Маринка… Она… Она плавает чуть лучше топора, сколько я ни учил её. Бесполезно всё, она продержится на воде от силы пару минут. И всё равно колебаний в её взгляде я не чувствую. Для неё нет и не может быть иного выбора. И тут за левую руку меня берёт ещё кто-то. Обернувшись, вижу ту самую девчонку с неровной стрижкой, которая в автобусе помогала мне. Она деловито и без суеты стягивает с себя футболку, джинсы, а затем и не первой свежести трусы. Обуви на ней никакой и так не было. Безо всякого смущения она поворачивается ко мне, говорит, что её зовут Катя и предлагает мне снять шорты. Что ж, она права. Я хоть и неплохо плаваю, но семь миль… Даже если мы не заблудимся в темноте. Маринка же своё платье так и не стала снимать. Бесполезно, и она тоже понимает это.

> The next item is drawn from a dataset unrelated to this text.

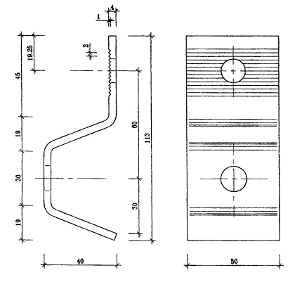 кронштейна под болтом Крепление к стене Вырывающее усилие на болт в угловых зонах равно: Nв = 1435 Н. Под это усилие следует подбирать конструкцию дюбелей и болтов с учетом материала основания по каталогам фирм-изготовителей, в частности, швейцарской фирмы «Mungo». 6.4.7. Расчет Z-образного элементаГеометрические характеристики поперечного сечения полного: b=50 мм; d=6 мм; А=300 мм2; Wx=300 мм3; ослабленного регулирующей ручкой bn = 37 мм; d=6 мм; Аn=222 мм3; Wxn=222 мм3; то же болтом bn = 37 мм; d=5 мм; Аn=185 мм3; Jxn=385 мм3; Sxn=116 мм3; t=d=5 мм. Усилия От вертикальной расчетной нагрузки Изгибающие моменты:

Остальные девчонки робкой вереницей, изредка поглядывая на нас, начинают втягиваться внутрь трюма, а мы, мы трое, взявшись за руки, на мгновение взлетаем над бортом. Маринка в своём стареньком белом платье, которое теперь станет её саваном, а мы с Катькой – обнажённые. Ave, Caesar…

* * *

– …Погоди, руку сводит.

– Осторожнее, Кать, не торопись. Главное, не волноваться. Вода ещё тёплая, сентябрь всего. А человек, если не запаникует, может держаться на поверхности сколько угодно долго.

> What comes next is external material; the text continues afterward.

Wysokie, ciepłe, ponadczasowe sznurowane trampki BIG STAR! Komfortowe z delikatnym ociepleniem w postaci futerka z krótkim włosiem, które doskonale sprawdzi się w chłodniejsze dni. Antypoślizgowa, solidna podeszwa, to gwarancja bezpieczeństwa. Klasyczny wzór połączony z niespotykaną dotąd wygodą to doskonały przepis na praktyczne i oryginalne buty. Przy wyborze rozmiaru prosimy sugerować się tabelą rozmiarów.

– Да знаю я. Маринку жалко.

– У неё не было шансов, она совсем не умела плавать, хоть я и учил её.

– Всё равно жалко. Вы давно были знакомы?

– Сколько я себя помню. Мы в соседних дворах жили. Не представляю, что я её родителям скажу.

– Ты сначала доберись ещё до этих родителей. Сколько мы проплыли, по-твоему?

– Мили полторы.

– Тебе не кажется, что ветер и волны нас относят в море.

– Кажется.

– А чего молчишь тогда?

– Тебя пугать не хотел, а так, если честно, то мы сейчас от берега, по-моему, даже дальше, чем были, когда с корабля прыгали. Извини, Кать.

– Ладно, чего уж там. Потому этот урод и отпустил нас в таком месте. Наверняка знал, что против ветра тут не выгрести. Свободу он нам подарил, ага.

– Всё равно подарил. И даже такая свобода – это всё равно Свобода. И на трюм в его катере я её не поменяю.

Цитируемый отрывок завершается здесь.